Kannst du mir dann bitte Verraten, welche Grafikkarte du hast ?
Kann dir dann sonst nicht helfen ?

Sorry wegen der Frage im PS von mir.
Wusste wirklich nicht du so viel schwierigkeiten mit dem Laptop hast.

gruß

Nightcrawler


----------



## lucide (10. Mai 2004)

Kann es sein, daß sich die Grafikarte SIS 630 schimpft?
Hersteller meines laptops ist Natcomp (leider schon veraltet und Noname) und wie ich jetzt feststellen mußte hängt das mit Gericom (leider pleite gegangen) zusammen. Bin grad auf der Seite um von da vielleicht Treiber zu bekommen, aber bis jetzt...... nix.

Und zu Sergo:
Mir ist logisch daß ich hier keinen Treiber finde, und glaub mir, bin die ganze Zeit schon am googeln. Wegen nix, öffne ich kein Posting.
Sorrry, aber bin grad echt etwas gereizt!
Ich brauch momentan grad echt Hilfe (und dafür ist ja dieses Forum da) und ich brauch da nicht solche Sprüche.


----------



## Nightcrawler (11. Mai 2004)

Halllo lucide,

schau mal hier hin.
ist die Orginal Downloadseite von SIS.

LINK 

Ich glaube aber für die SIS 630 gibt es keinen  XP Treiber mehr 

Gruß

Nightcrawler

PS.: GERICOM ist nicht PLEITE. Wurde von irgendeiner Anderen Firma aufgekauft und kann aber unter alten  Namen weiter verkaufen.


----------



## fluessig (11. Mai 2004)

Der SIS630 Treiber sollte bei XP dabei sein. Ich hab auch ein Gericom Notebook , auf dem ohne Probleme XP Home lief. Momentan ist Win2k drauf und selbst das liefert einen guten Treiber mit.
Passieren die Darstellungsfehler tatsächlich bei Grafik und Schrift? Ich lese eigentlich nur Schrift aus deinem Posting. 
Kann es sein, dass die Auflösung niedriger ist als die vom Notebookdisplay möglich.


----------



## Nightcrawler (11. Mai 2004)

Habe eben gefunden Universaltreiber für  SIS 630 für XP

Musste UniVGA Graffik  Treiber klicker und dann XP.
Der erste Trieber ist es gleich.
Aber Achtung ca 36 MB

gruß

Nightcrawler

Bei meinem Gericom Laptop ist eine Geforce Grafikkarte drin und habe somit keine Probleme, wenn ich neue Treiber brauche http://www.nvidea.com und fertig.


----------



## en2k (11. Mai 2004)

@lucide: Wenn Du dich über verschwommene Schrift beschwerst, dann schau mal, ob in deinen Anzeigeeinstellungen ClearType -Schrift aktiviert ist. Die soll ja bei TFT- (Laptop-) Anzeigen Wunder wirken. Ich hab's mal spaßeshalber ausprobiert (auf Röhren- und TFT-Bildschirm) und hatte den gleichen Effekt. Irgendwann schau'n dann beide Augen in 2 verschiedene Richtungen. 

Ciao, Nino


----------



## lucide (11. Mai 2004)

Zu fluessig: Ja es handelt sich tatsächlich nur um die Schrift, daß heißt die fettgedruckte, die andere ist normal.

Zu Nightcrawler: 
Danke dir für die Mühe der Suche. Ich denke jetzt sogar, daß flüssig recht hat. 

Zu en2k:
Könnte vielleicht die Lösung sein. Bin grad am Suchen, aber ich find nirgends, wo ich dies einstellen kann.  Ein Tip?

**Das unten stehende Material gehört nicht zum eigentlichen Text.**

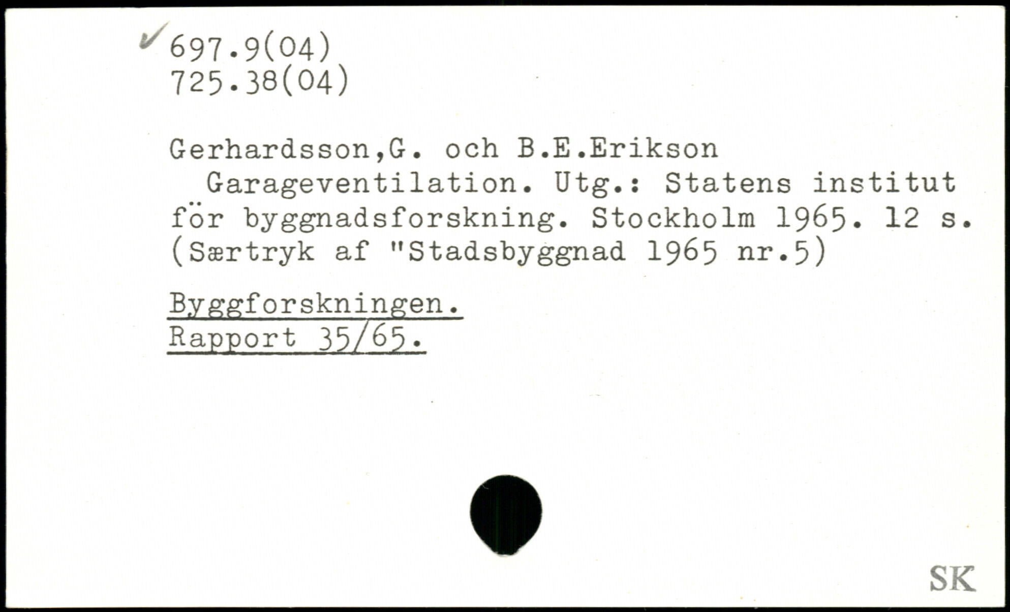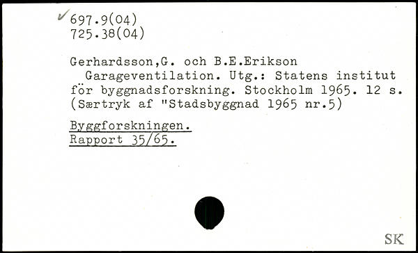 Garageventilation. Utg.j Statens institut för byggnadsforskning.

Möchte mich echt bei euch für eure Bemühungen und Geduld mit mir bedanken!

Aber noch mal zu dem anderen Problem, daß es ewig dauert, daß  die Seiten laden. Hatte dies Problem vorher nie. Wie könnte ich dies lösen?  Ist dies vom Anbieter (sind die gleichen wie vorher) abhängig oder muß man doch irgendwo  noch eine Einstellung vornehmen?

Sorry echt für meine Unkenntnis in dieser Hinsicht!
Aber wenn man nicht probiert, lernt man ja auch nicht.


----------



## fluessig (11. Mai 2004)

Du hast nur geschrieben, dass es bei Firefox lange dauert. Ist der IE denn wirklich schneller?

Das kann ich mir nämlich nicht vorstellen - aber ich lass mich ja gern mal überaschen.


----------



## lucide (11. Mai 2004)

Beide waren gleich schnell, jedoch sind sie extrem langsam nach der Xp-Installation

Zur Anzeigeeinstellung:
Habs dann doch gefunden. Jedoch war mit deinerm Vorschlag dann die normale Schrift verschwommen. Wenn ich diese Möglichkeit komplett ausklicke, funktioniert es !
Juhuuuuu, dieses Problem (was im Endeffekt nur winzig war) ist gelöst


----------